Macaristan önce 1938’de ve sonra da “Altın Takım” olarak ün salan ve Sandor Kocsis, Jozef Bozsik, Zoltan Czibor ve Gyula Grosics gibi efsane isimlerin de yer aldığı “yenilmez armadasıyla” 1954’de dünya kupasında finale kadar yükselmiş ve her ikisinde de ikincilikle yetinmişti.
Daha sonra ise futbolun dünya devi yeşil sahalarda sıradanlaşmıştı.
Budapeşte’de, futbolun “altın çağında” inşa edilen, ve seksen bin kişilik kapasitesiyle özgüven abidesi Népstadion (halk stadı) bir zamanlar maçlara tıklım tıklım dolarken, futboldaki baş aşağı gidişle ve taraftarların futbola küsmesiyle bomboş kalmıştı.
Lig maçları en fazla 3-5 yüz kişiyle oynanır hale gelmişti. Milli maçlar ise en fazla birkaç bin kişi çekiyordu.
İşte bu ortamda Macar milli takımı gruplardan çıkan en iyi üçüncülerin karşılaştığı eleme maçlarında rakip Norveç’i hem deplasmanda ve hem de evinde mağlup ederek Avrupa Şampiyonası'na gidecek 22 takım arasına giriverdi.
On yıllardır süren başarısızlıklar futbolseverleri bezdirmiş olsa da, her Macar erkeğinin kimliğini biraz kazıdığınızda altından “futbol aşkı” çıktığı tekrar kanıtlandı.
Norveç galibiyetleri mucizesiyle birlikte Macaristan’ın EURO 2016’ya katılması kesinleşince gelenekler birden canlandı, ülke futbolla yatıp futbolla kalkmaya başladı.

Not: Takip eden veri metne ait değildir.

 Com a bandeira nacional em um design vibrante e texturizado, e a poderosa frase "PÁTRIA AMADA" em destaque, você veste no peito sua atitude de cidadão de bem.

Ama ortaya çıkan sadece bir spor başarısı değildi.
Macar başbakanı Viktor Orban, kendinden bu büyük başarıyla ilgili yorum isteyen televizyonculara sadece üç kelimeden oluşan bir yanıt verdi: “İşte bu kadar!”.

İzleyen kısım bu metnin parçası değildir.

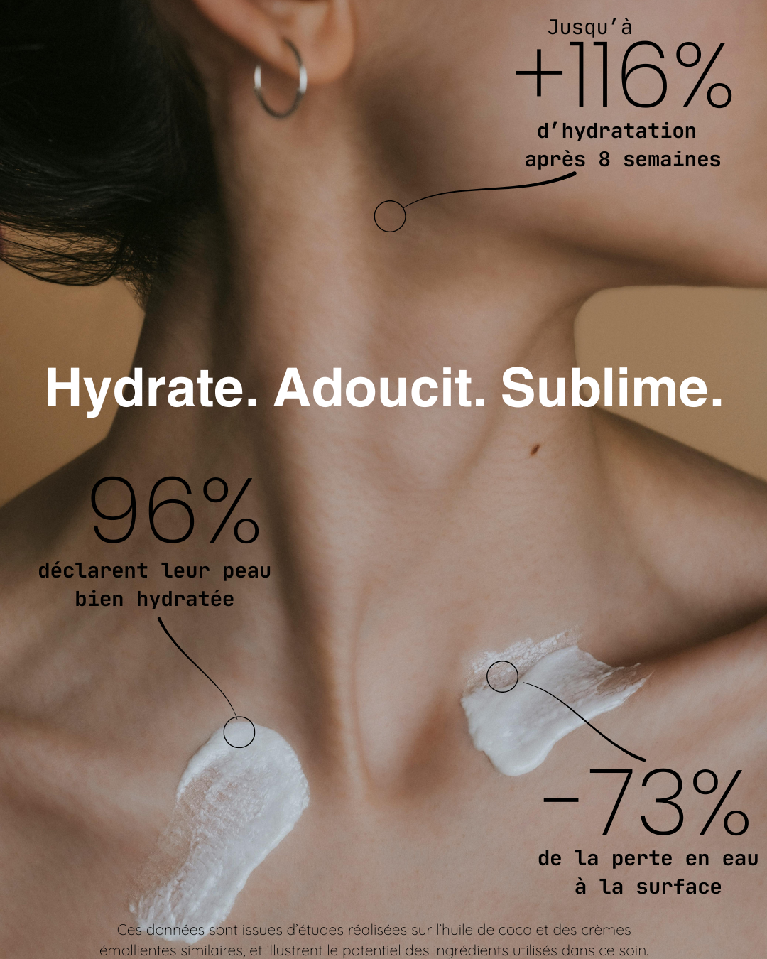 Angereichert mit Kokosöl und pflegenden Wirkstoffen, verhilft diese Behandlung der Haut zu mehr Geschmeidigkeit und Wohlbefinden. Klinische Studien belegen, dass die regelmäßige Anwendung von Kokosöl den transepidermalen Wasserverlust um bis zu 73 % reduzieren kann. Dadurch wird die Hautbarriere gestärkt und Austrocknung vorgebeugt. Auch die Hautfeuchtigkeit verbessert sich: Nach mehrwöchiger Anwendung wurde eine Steigerung von ca. 32 % beobachtet. Untersuchungen an pflegenden Cremes zeigen zudem eine Steigerung des Feuchtigkeitsgehalts um bis zu 116 % bei sehr trockener Haut. 96 % der Anwenderinnen und Anwender berichten von einem angenehmeren Hautgefühl. Diese Pflege bietet eine zarte und wohltuende Textur, die die Haut intensiv nährt, beruhigt und sichtbar geschmeidiger und besser geschützt macht.

Bu çok kısa bir yorumdu, ama ülkede geride kalan yıllardaki gelişmeler de dikkate alındığında saatlerce konuşulacak, tartışılacak bir konunun özlü kapanışı anlamına da geliyordu.
Macar başbakanı kendisi de futbol oynuyordu ve sıkı bir futbol aşığı olarak tanınıyordu.
Bu nedenle de iktidara geldiğinde en önemli projelerinden biri ülkede futbolu eski parlak günlerine döndürebilmekti.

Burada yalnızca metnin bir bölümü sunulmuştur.